* DATASET CONTENT:

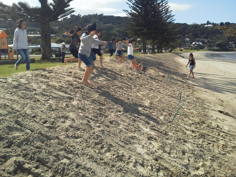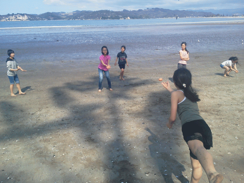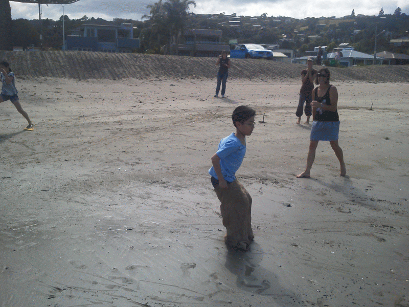 海辺でみんななでgameをして遊びました。袋に入って競争したり、卵を投げ合ったり(もうすぐイースターだからか・・・)こちらの遊びを教えてもらいました。袋に入って競争するのがサックgame?という遊びらしい。運動会で障害物競走などでやるアレですね。
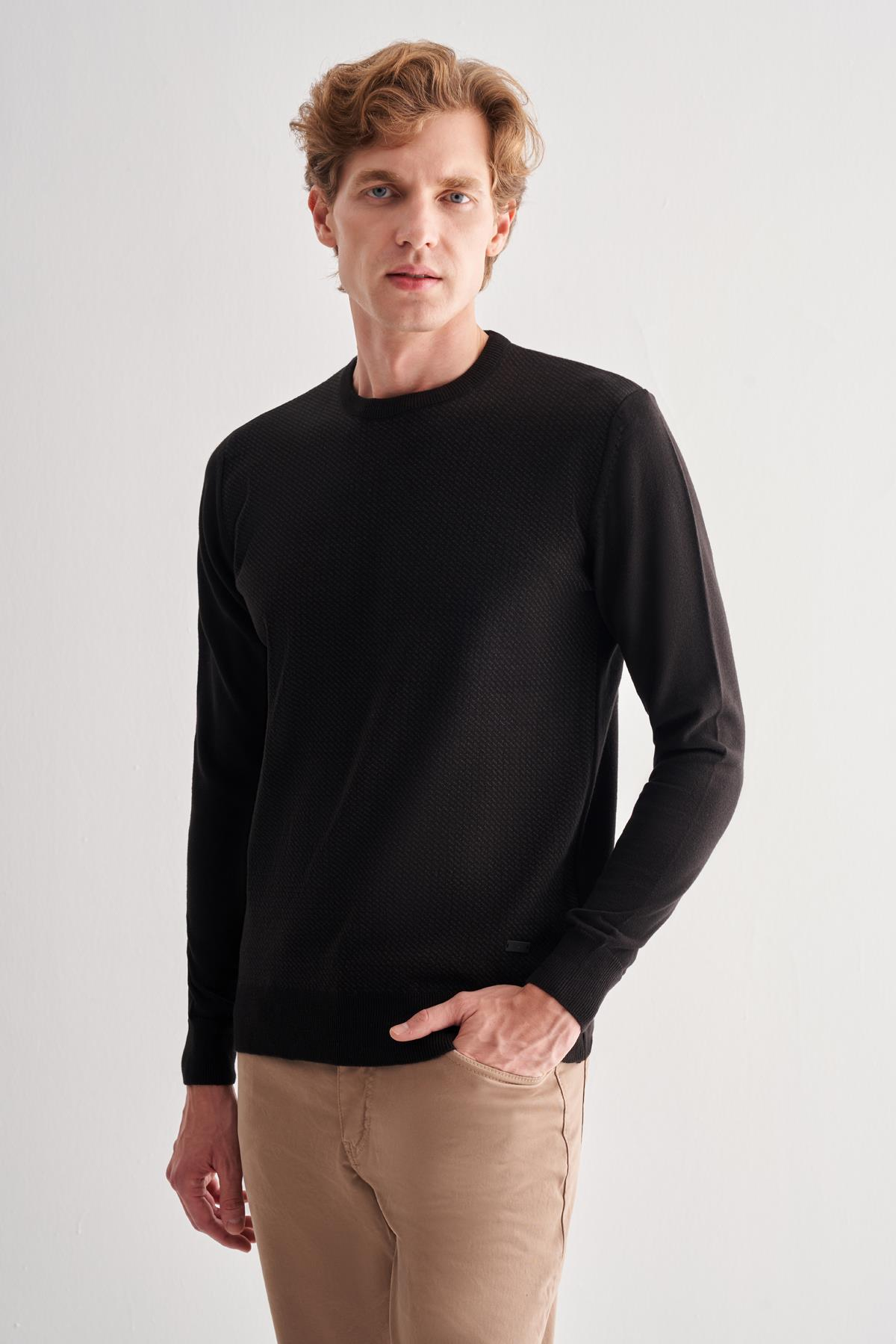 Siyah Bisiklet Yaka Uzun Kol Cepsiz Comfort Fit Pamuklu Triko Kazak 1012255220 (1012255220_001)
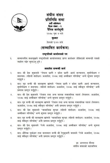 प्रतिनिधिसभाको बुधबार बैठक, चार अध्यादेश पेस गरिने सम्भावित कार्यसूची
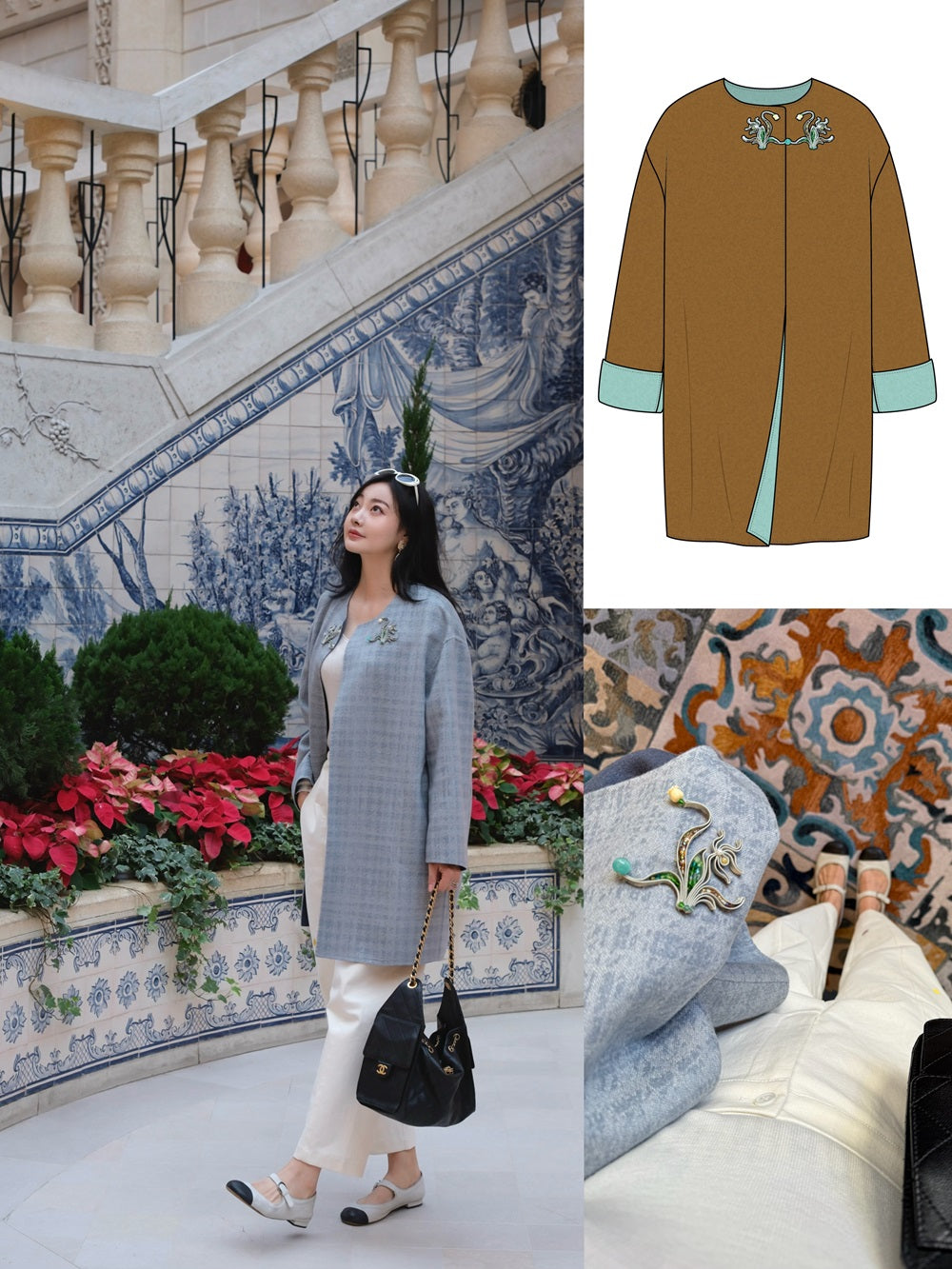 意大利LP品牌100%纯羊绒双面双色卷草花纹盘扣外套

* EXERCISE DIRECTIONS:
Where the line containing "प्रतिनिधिसभाको बुधबार बैठक, चार" appears in the data above, begin there and output every line through the last, exactly and without pictures.

* WRITTEN ANSWER:
 प्रतिनिधिसभाको बुधबार बैठक, चार अध्यादेश पेस गरिने सम्भावित कार्यसूची
 意大利LP品牌100%纯羊绒双面双色卷草花纹盘扣外套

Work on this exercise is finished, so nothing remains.